Picillo, Marina; Lizarraga, Karlo J; Friesen, Erik L; Chau, Hien; Zhang, Ming; Sato, Christine; Rooke, Grace; Munhoz, Renato P; Rogaeva, Ekaterina; Fraser, Paul E; Kalia, Suneil K; Kalia, Lorraine V.
Afiliación
  • Picillo M; Center for Neurodegenerative Diseases (CEMAND), Department of Medicine and Surgery, University of Salerno, Salerno, Italy.
  • Lizarraga KJ; Edmond J. Safra Program in Parkinson's Disease and Morton and Gloria Shulman Movement Disorders Clinic, Division of Neurology, Department of Medicine, Toronto Western Hospital, University Health Network, Toronto, Ontario, Canada.
  • Friesen EL; Division of Neurology, Department of Medicine, University of Toronto, Toronto, Ontario, Canada.
  • Chau H; Edmond J. Safra Program in Parkinson's Disease and Morton and Gloria Shulman Movement Disorders Clinic, Division of Neurology, Department of Medicine, Toronto Western Hospital, University Health Network, Toronto, Ontario, Canada.
  • Zhang M; Division of Neurology, Department of Medicine, University of Toronto, Toronto, Ontario, Canada.
  • Sato C; Krembil Research Institute, Toronto Western Hospital, University Health Network, Toronto, Ontario, Canada.
  • Rooke G; Krembil Research Institute, Toronto Western Hospital, University Health Network, Toronto, Ontario, Canada.
  • Munhoz RP; Tanz Centre for Research in Neurodegenerative Diseases, University of Toronto, Toronto, Ontario, Canada.
  • Rogaeva E; Tanz Centre for Research in Neurodegenerative Diseases, University of Toronto, Toronto, Ontario, Canada.
  • Fraser PE; Tanz Centre for Research in Neurodegenerative Diseases, University of Toronto, Toronto, Ontario, Canada.
  • Kalia SK; Edmond J. Safra Program in Parkinson's Disease and Morton and Gloria Shulman Movement Disorders Clinic, Division of Neurology, Department of Medicine, Toronto Western Hospital, University Health Network, Toronto, Ontario, Canada.
  • Kalia LV; Division of Neurology, Department of Medicine, University of Toronto, Toronto, Ontario, Canada.
Mov Disord ; 33(12): 1950-1955, 2018 12.
Article en En | MEDLINE | ID: mdl-30423204
ABSTRACT

BACKGROUND:

SNCA mutations cause autosomal dominant parkinsonism and inform our understanding of the molecular underpinnings of synucleinopathies.

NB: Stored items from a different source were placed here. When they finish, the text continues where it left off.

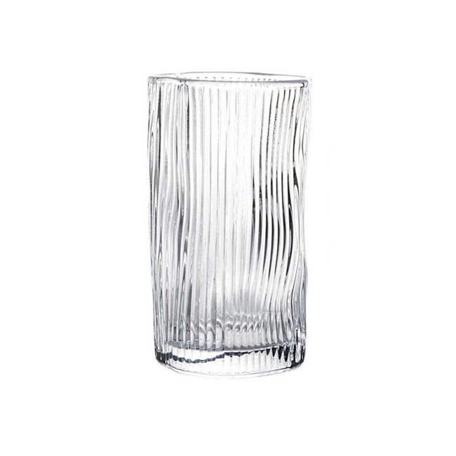 These organically ribbed long drink glasses – set of 6 – combine a natural, flowing shape with a refined ribbed pattern that beautifully refracts and reflects light. Crafted from high-quality clear glass , they exude a modern, stylish look that effortlessly complements any interior. With a practical 270 ml capacity, the glasses are ideal for serving water, soft drinks, juice, cocktails, or other everyday beverages. Their durable quality and elegant finish make this set suitable for both everyday use and special occasions – perfect for those who appreciate functional design with a contemporary twist.
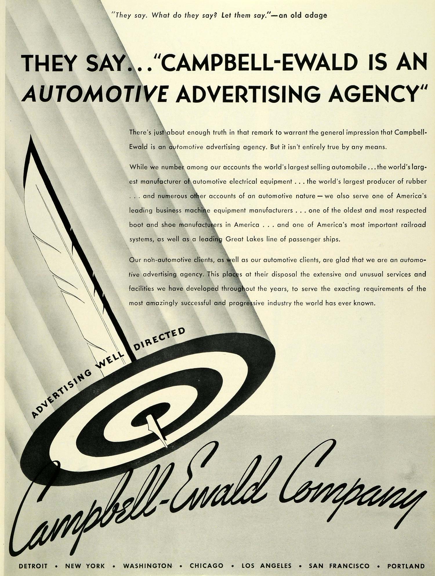 This is an original 1936 black and white print ad for the Campbell-Ewald Automotive Advertising Agency.
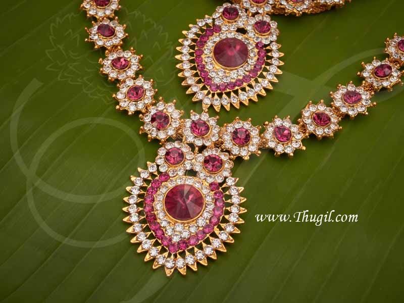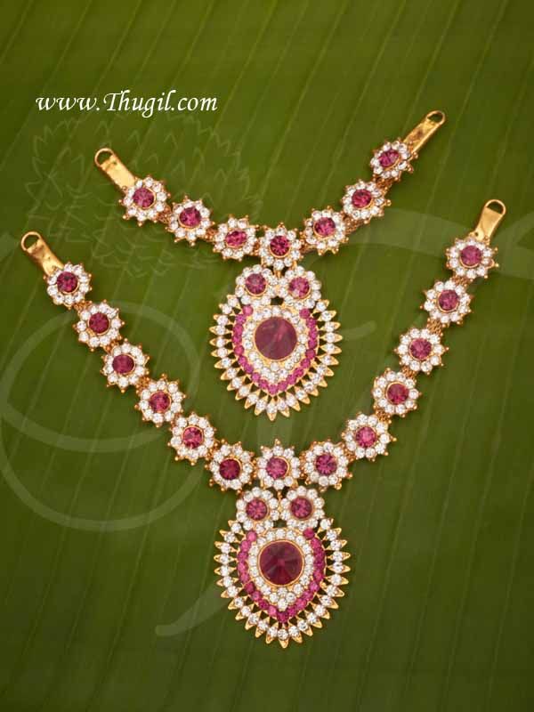 Description : Glittering white with pink stones necklace set for idols and statues. Designed to adorn the chest of deity statue of God and Goddess.

The most recently identified mutation, p.Ala53Glu (A53E), has only been observed in Finland. The objectives of this study were to examine clinical, genetic, epigenetic, and biochemical features of the first family outside Finland with A53E.

METHODS:

We examined a Canadian family with parkinsonism because of A53E using haplotype and DNA methylation analyses. We assessed aggregation properties of A53E α-synuclein in vitro.

RESULTS:

Family members with parkinsonism shared a common haplotype distinct from Finnish patients with A53E. Increased acceleration of DNA methylation age was accompanied by earlier age at onset in the family members. We demonstrate that A53E α-synuclein has a propensity to form oligomers and phosphorylation promotes fibrillation.

CONCLUSIONS:

A53E as a cause of parkinsonism is not restricted to Finnish individuals. DNA methylation may contribute to disease age at onset. A53E enriches α-synuclein oligomers and fibrils dependent on the phosphorylation state. © 2018 International Parkinson and Movement Disorder Society.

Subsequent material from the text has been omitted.